Commemoration of the Genocide of Hellenes from Pontos
This crime was perpetrated just over 100 years ago against the indigenous people of Pontos who inhabit the area along the southern coastline of the Black Sea. Pontian people date their Hellenism as early as the era of the Kingdom of Pontos 281 BC-61 BC.
As of April 1916 begin the mass deportations of the people from their ancestral homelands, the burning of their churches, schools and buildings. The violence intensifies all the way into 1917 with them being murdered, tortured and raped. Death marches lead them to the interior of Turkey where certain death awaits those who may have survived.
Current estimates by historians place the number of Pontians who died exceeding 353,000. Approximately 26,000 Pontians were deported from their homeland. With the end of WW1 in October 1918, ethnic cleansing practices were halted and some Pontian people were able to return home. However, this did not mean that that Turkey relaxed its tyranny directed to the Pontian people. Sure enough, by May 1922 close to 10,000 Pontian survivors, with over 4000 of them being women and children, were gathered and lead again on a Death March southward. Abruptly, in June 1922, orders came to stop the deportations of Pontian people. Many Pontian people finding themselves near Syria settled on the other side of the Turkish border, while others sought refuge in neighbouring Georgia or Thrace-Greece.

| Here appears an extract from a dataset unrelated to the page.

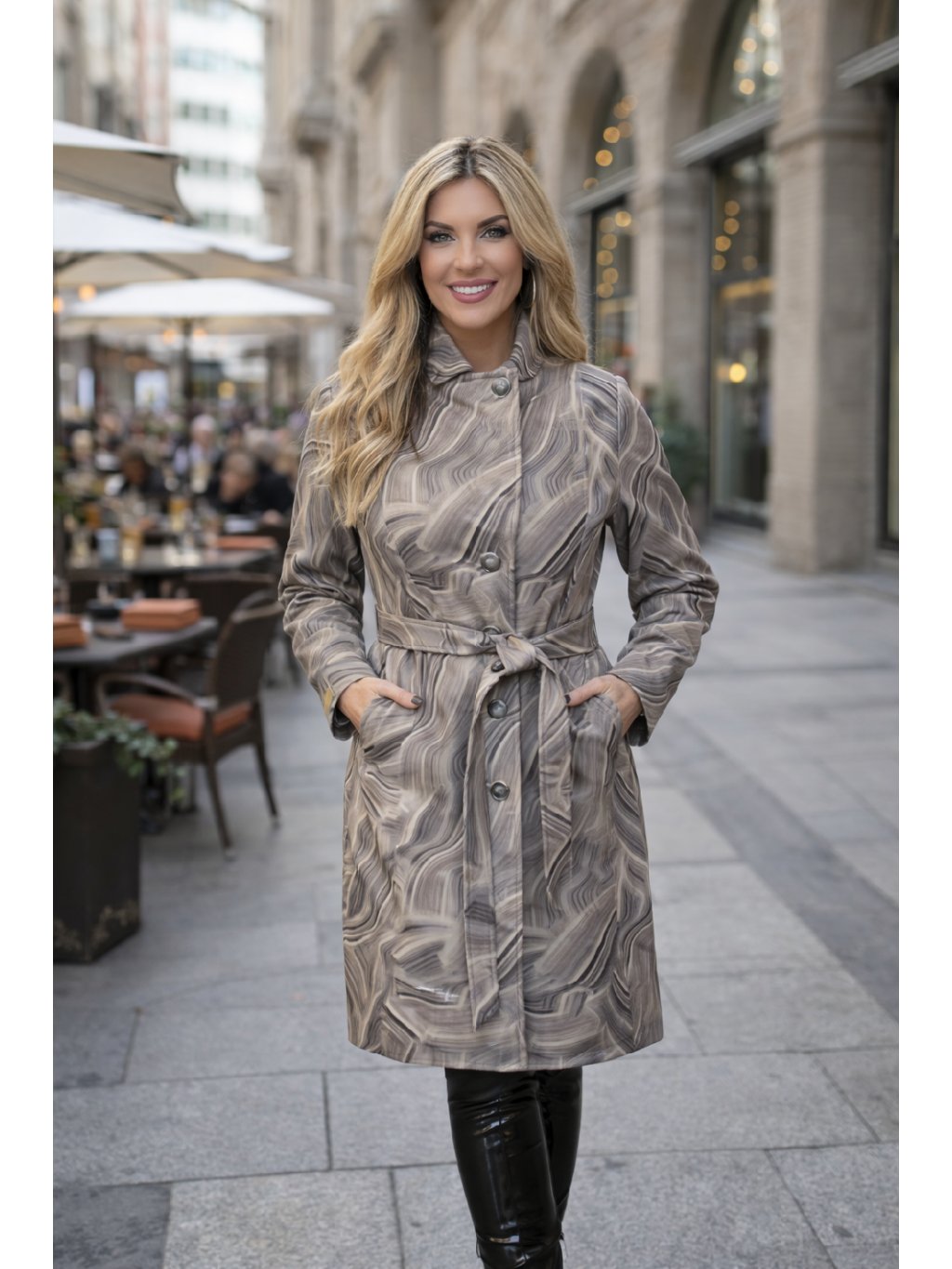 Kabát zaujme nejen svým atraktivním vzhledem, ale i promyšleným střihem. Díky pásku v pase si můžete jednoduše upravit siluetu přesně podle své postavy a zvýraznit ženské křivky. Praktické zapínání na knoflíky a pohodlné kapsy z něj dělají ideální kousek do města, do práce i na společenské příležitosti.

Turkey founded its state on October 29th, 1923 on the blood and souls of innocent people who were eradicated from their ancestral homelands. Approximately, 400,000 were part of the population exchange stipulations in the 1923 Treaty of Lausanne. This Genocidal Act perpetrated against the Pontian people is commemorated on May 19th of every year.
The Hellenic Genocide was perpetrated by the Ottoman Turks against other Greeks across western Turkey, as well to Armenians and other minorities.
- May 19 is in remembrance of the Pontian Greek Genocide.
- In 1998, the Greek Parliament voted unanimously to declare September 14 as the “National Day of Remembrance of the Genocide of the Greeks of Asia Minor and Eastern Thrace by the Turkish State”.
- Recently, U.S. has officially acknowledged the Armenian Genocide. The approved bill is declaring that the killing of 1.5 million Armenians by the Ottoman Turks was, in fact, a genocide.